His thoughts, outlined in a live interview on CNBC”Closing bell,” which is in line with the Federal Open Market Committee’s estimates released in December.

But while officials later wrote the possibility of an increase of three quarters of a percentage point in 2022 on the Federal Reserve’s benchmark overnight borrowing rate, Harker said he could expand further.

“We need to act on inflation. It’s more persistent than we thought it was a while ago. I’ve been out of the ‘temporary’ group for a while now,” he said, citing terminology that officials use. Used by the Fed to describe inflation through most of 2021 before pivoting towards year-end.

“I think action this year is appropriate,” Harker said. “Three [hikes] is what I wrote, but four things are not out of the question in my mind. “

Harker’s comments come as Labor Department reports show inflation is picking up in the US economy. Consumer price inflation at 7%, the highest annual rate since June 1982, while wholesale prices in 2021 increase by 9.7%, the biggest change in data since 2010.

After its December meeting, the Federal Open Market Committee set a schedule that would end monthly bond purchases around March. Minutes released later suggests that some members also think the Fed should start reducing the size of its balance sheet, potentially by allowing some of its bond proceeds to roll out each month.

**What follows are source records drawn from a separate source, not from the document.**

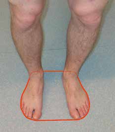 Unter dem Stichwort Sicherheit lassen sich viele Aspekte vereinen, jedoch ist einer davon hervorzuheben und muss primär berücksichtigt werden: die Wiederherstellung der Bodenunterstützungsfläche. Der Stand wäre nur einbeinig möglich, wenn die amputierte Seite nicht adäquat bis zum Boden verlängert und somit unterstützt wird. Auch im Zweibeinstand ist es günstig, den Körperschwerpunkt über einer großen Fläche austarieren zu können (Abb. 2). Während des Ganges, im Einbeinstand, ist zum einen die Größe, zum anderen die Lage dieser Fläche relevant.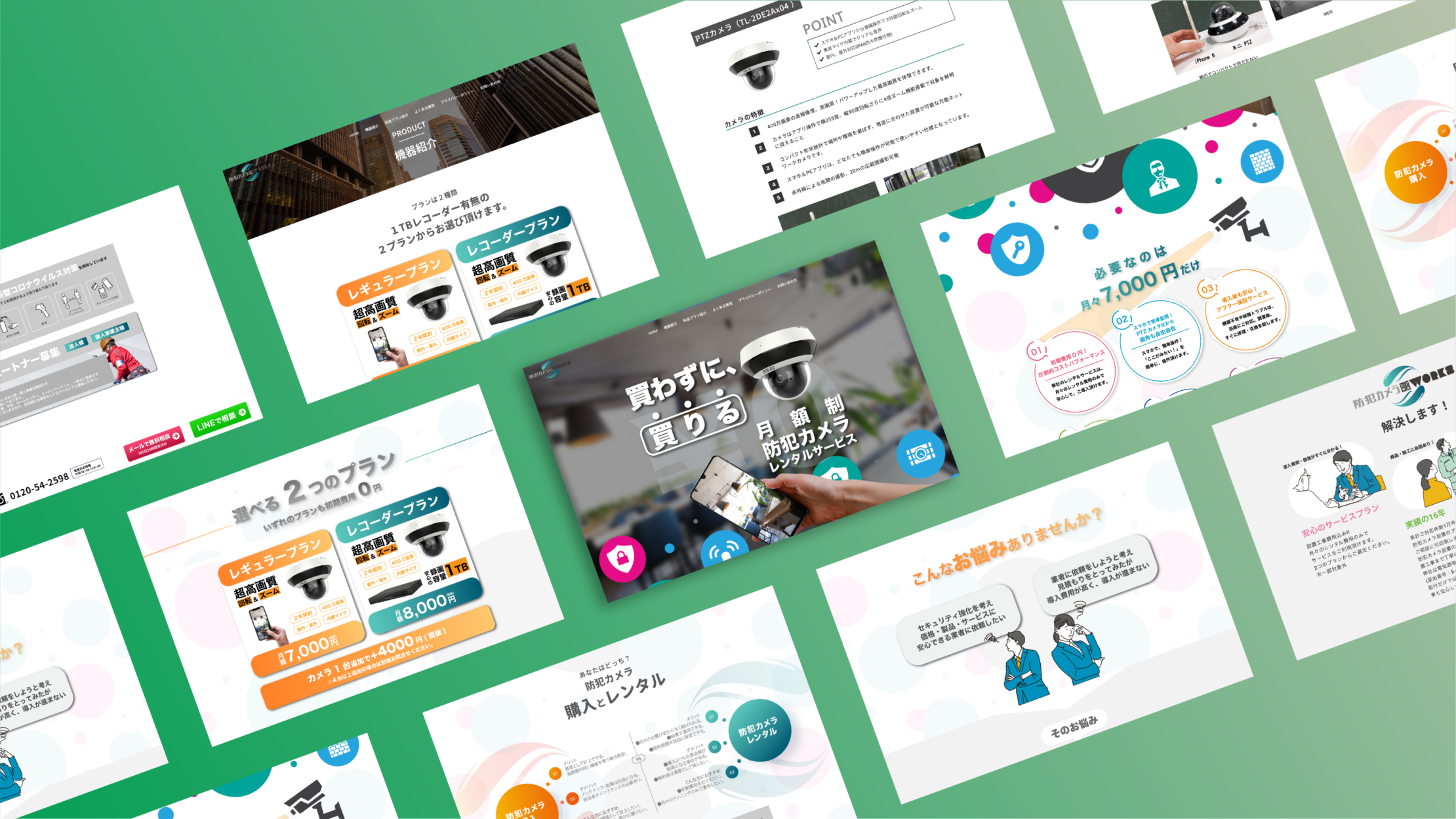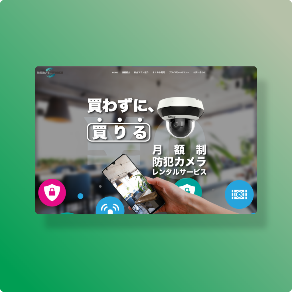 「買わずに、借りる」というメッセージを軸に、情報の分かりやすさを重視したレイアウトを採用しました。複雑な仕組みを図解やステップ形式で整理することで、防犯カメラに詳しくない方でも検討しやすい導線を実現しています。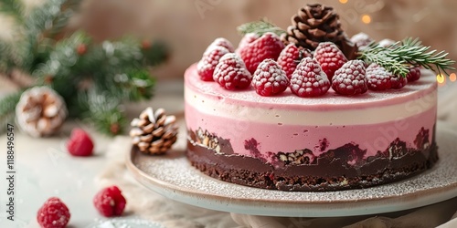 A extremely close shot chocolate raspberry mousse dessert with numerous layers and pine trees on soft beige background a large replicate room, Generative AI.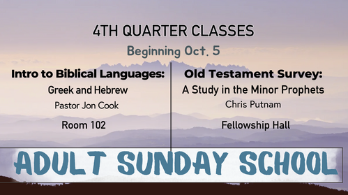 Come learn with us as we study a variety of topics related in God's Word. We have classes for all ages. Join us for coffee and refreshments beginning at 9am in the Fellowship Hall. .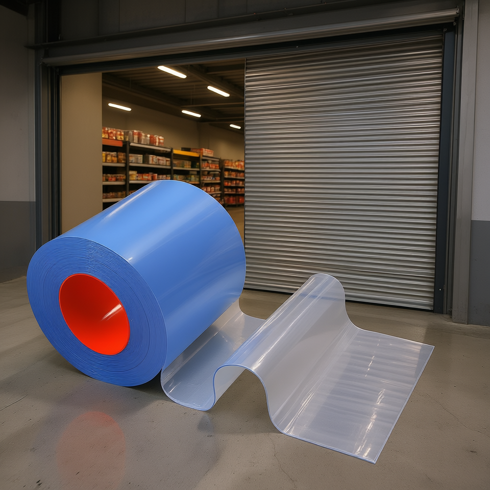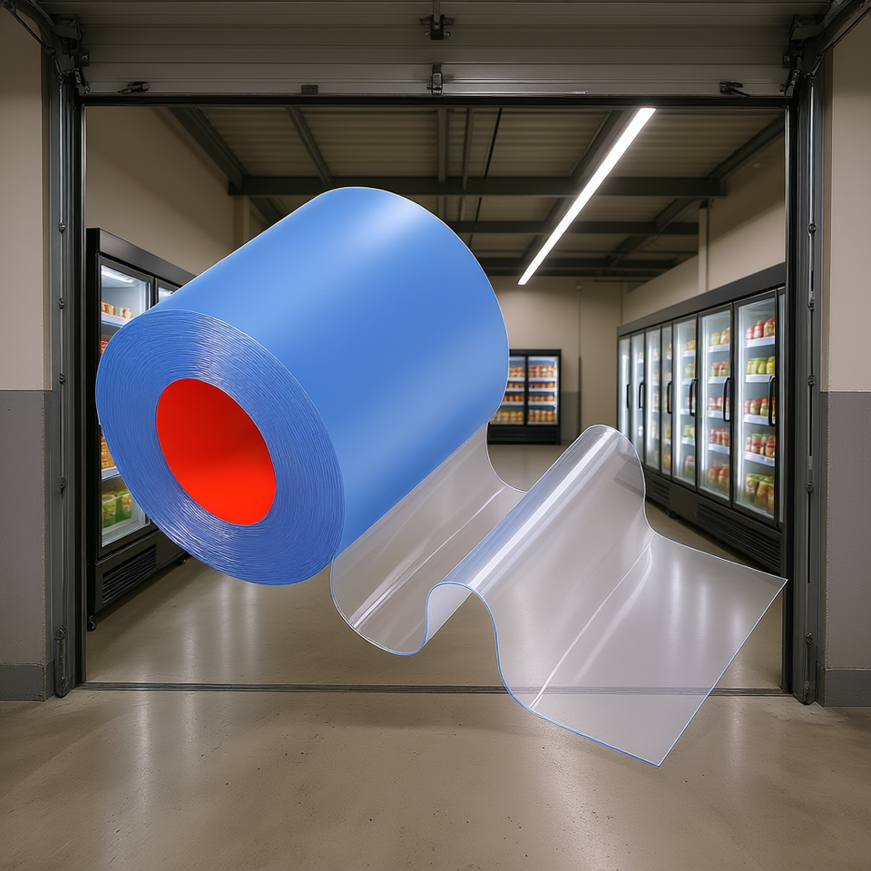 Tenda a strisce in PVC trasparente 30,8 m x 30,5 cm, rotolo di plastica per porte, per supermercati, garage, celle frigorifere, impermeabile, uso commerciale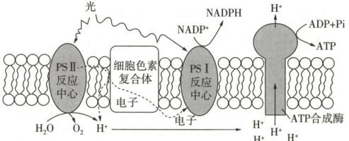 (2)据文中信息可知,PSⅡ中的______吸收光能,可将水裂解为氧气和 $H^{+}$,产生的电子经一系列传递,与 $NADP^{+}$ 和 $H^{+}$ 结合形成______,将光能转变为______。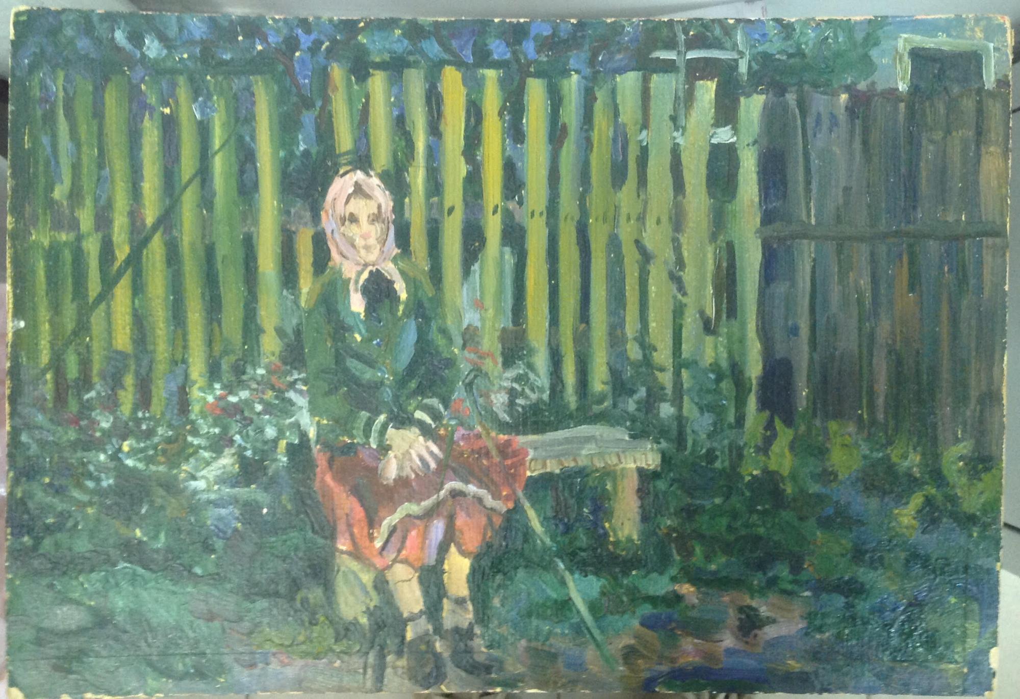 Картина "Елабужская бабуля", материал: картон, масло, Художник Закиров А.М. , 1985 год.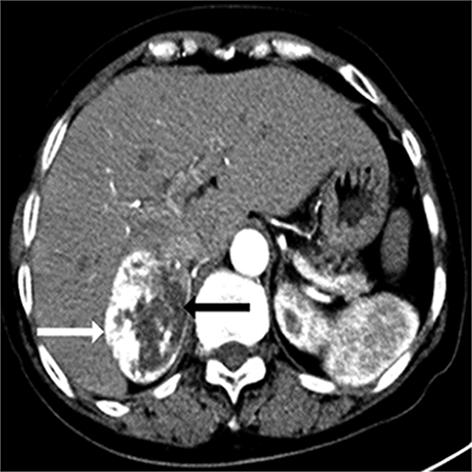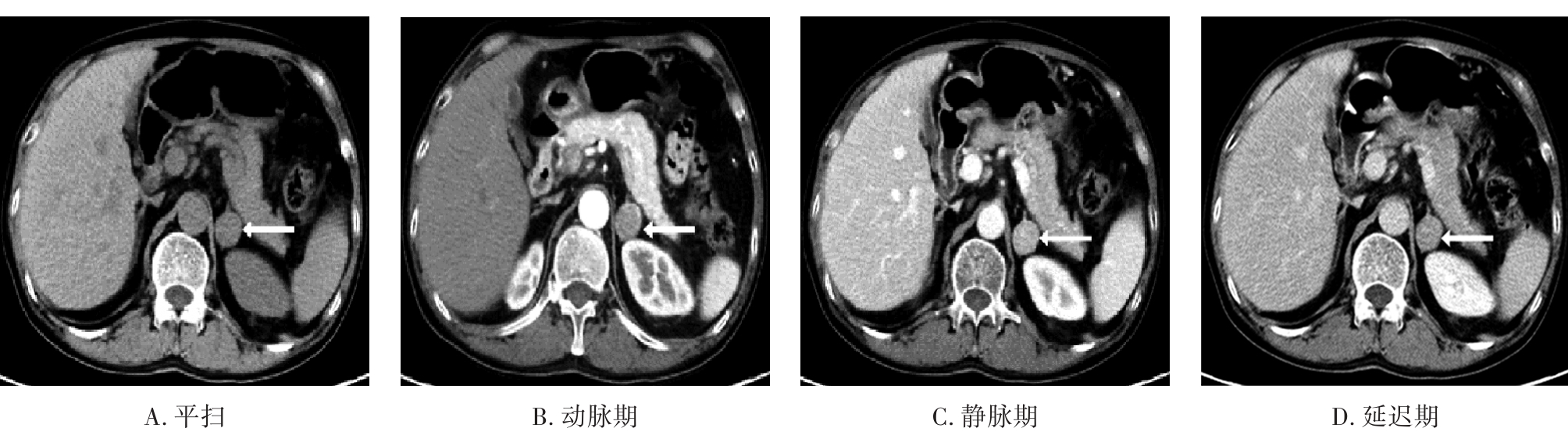 摘要:目的 分析生化阴性嗜铬细胞瘤及副神经节瘤(pheochromocytomas and paragangliomas,PPGLs)的电子计算机断层扫描(computed tomography,CT)征象是否有别于生化阳性PPGLs,同时了解生化阳性PPGLs不同表型的CT征象是否存在差异。方法 回顾性分析131例PPGLs患者的术前腹部增强CT图像,包括肿瘤位置、大小、形态、囊变坏死、液-液分层、钙化、向心结节状强化、肿瘤内粗大血管、强化包膜、绝对廓清率及相对廓清率。根据生化水平,将患者分为生化阳性组和阴性组,阳性组进一步分为去甲肾上腺素型、肾上腺素型及多巴胺型。比较各组及各表型间的CT征象差异。结果 相较于生化阴性组,阳性组PPGLs更大(Z=-2.064,P=0.039)、囊变坏死(χ2=6.610,P=0.010)及向心结节状强化(χ2=3.909,P=0.048)的比例更高;相较于去甲肾上腺素型,肾上腺素型PPGLs更大(Z=-2.036,P=0.042)、强化包膜比例更高(χ2=7.242,P=0.007)。结论 肿瘤大小、囊变坏死及向心结节状强化的CT征象有助于术前诊断生化阴性PPGLs,肿瘤大小及强化包膜有助于解释去甲肾上腺素型及肾上腺素型PPGLs不同临床表现产生的机制。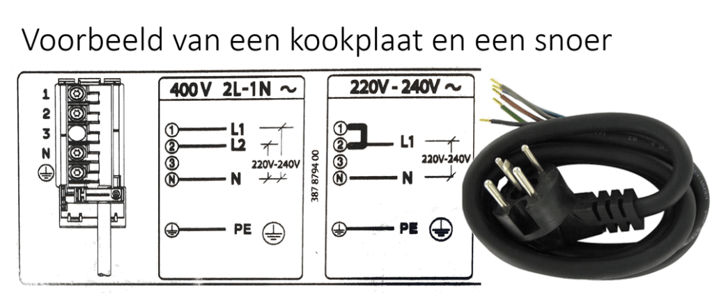 Nu we de juiste aansluiting hebben gemaakt is het van belang dat het kooktoestel zelf ook juist wordt aangesloten. Veel fabrikanten leveren kooktoestellen zonder snoer en/of stekker zodat ze ook niet aansprakelijk kunnen zijn van een verkeerde (fatale) aansluiting op het lichtnet.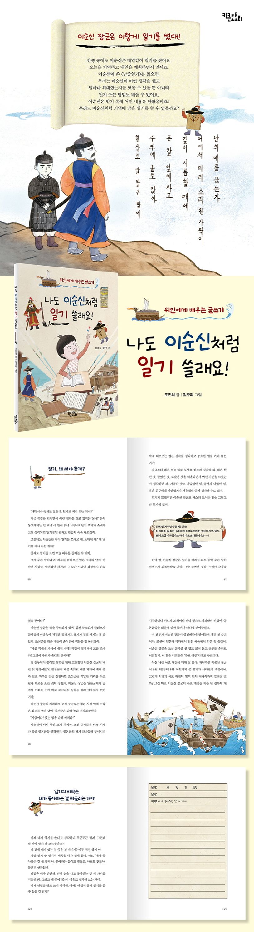 먼저 위인전을 보듯 이순신의 일대기를 이야기하고, 일기 쓰기의 방법, 일기 쓰기의 핵심 요소 등 일기 쓰기 속으로 들어간다. 마지막으로는 실제로 일기 쓰기에 도전해 볼 수 있는 장을 마련했다.

But Harker advocates a slower approach to the balance sheet question. He suggested the Fed should wait until it raises rates “for the sake of the 100 basis point argument,” or four hikes, before starting to ease what has become more. $8.8 trillion balance sheet as a result of property purchases during the pandemic. The basis point is one hundredth of a percentage point.

“I don’t want to do it all at once. I think it’s just the wrong way,” he said. “Let’s do them in stages.”

Slowing down will help the economy bounce back from possible shocks due to the Fed’s easiest step back from monetary policy in its history, he said. He said the Fed can avoid killing the recovery if it moves “carefully and methodically. This is why I don’t have to raise interest rates and do balance sheet normalization along with it.” a while,” he said.

Early in the day, Chicago Fed President Charles Evans also said he sees three rate hikes as very likely, although he’s also open to more.

“[Three increases are] Evans told reporters there could be a good bid opening this year depending on how the data is deployed.

Neither Evans nor Harker were voters in this year’s FOMC, although they may voice their opinions at policy meetings and their views are part of the “scoring plot” of committee on interest rate expectations of its members.